Swarthmore College
SWARTHMORE COLLEGE
SWARTHMORE COLLEGE, chartered by the state of Pennsylvania in 1864, was founded by the Hicksite Quakers, who split from the orthodox branch of the Society of Friends in 1827. The name derived from Swarthmoor Hall, the home of George Fox, the English founder of Quakerism. Swarthmore's governors were required to be Quakers until the college became nominally nonsectarian soon after 1900, although the Quaker influence continued. The college was coeducational from the start. Its first graduating class in 1873 consisted of one man and five women.

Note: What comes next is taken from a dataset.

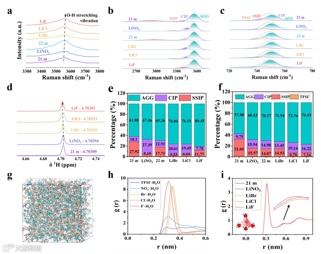 图2. 光谱测试和RDF计算。(a)电解质的拉曼光谱。(b-c)电解质在2700-3600 cm-1 (b)和720-780 cm-1(c)处的拉曼光谱。(d)电解质的1H NMR光谱。(e)AGG、CIP、SSIP在水分子网络中的比例。(f)TFSI、AGG、CIP、SSIP在Li-TFSI网络中的比例。(g)使用含有LiF的21 m LiTFSI的快照。(h)水分子中阴离子和氧原子之间的RDF。(i)不同水分子的氧原子之间的RDF。插图展示了水分子的四面体结构。

Early Swarthmore was shaped by a struggle between liberals, who wanted an urban location, moderate social rules, and a quality collegiate education; and traditionalists, who envisioned a rural institution, a "guarded" education to preserve Quaker traditions, and preparatory work for students not ready for college. The choice of a semirural location eleven miles southwest of Philadelphia was the first of several compromises, but tensions continued. The eighteen-year administration of the traditionalist Edward Magill, who replaced Edward Parrish as president in 1871, was marked by debates over social rules, teacher training, and precollege work. By 1890 rules were relaxed and the departments of teacher training and preparatory work were eliminated. The curriculum, already strong in science and engineering, was enriched by the expansion of electives and the creation of endowed professorships. During the presidency of Joseph Swain, from 1902 to 1921, Swarthmore joined the collegiate mainstream, boasting nationally competitive sports teams and an array of extracurricular activities. An honors system developed by President Frank Aydelotte between 1920 and 1940 featured seminars modeled on Oxford tutorials and earned Swarthmore a national reputation for academic excellence. The turmoil of the 1960s, the proliferation of new academic fields, expanded overseas study, and increased work in the performing arts brought change to the honors program but did not alter Swarthmore's position among the nation's top liberal arts colleges.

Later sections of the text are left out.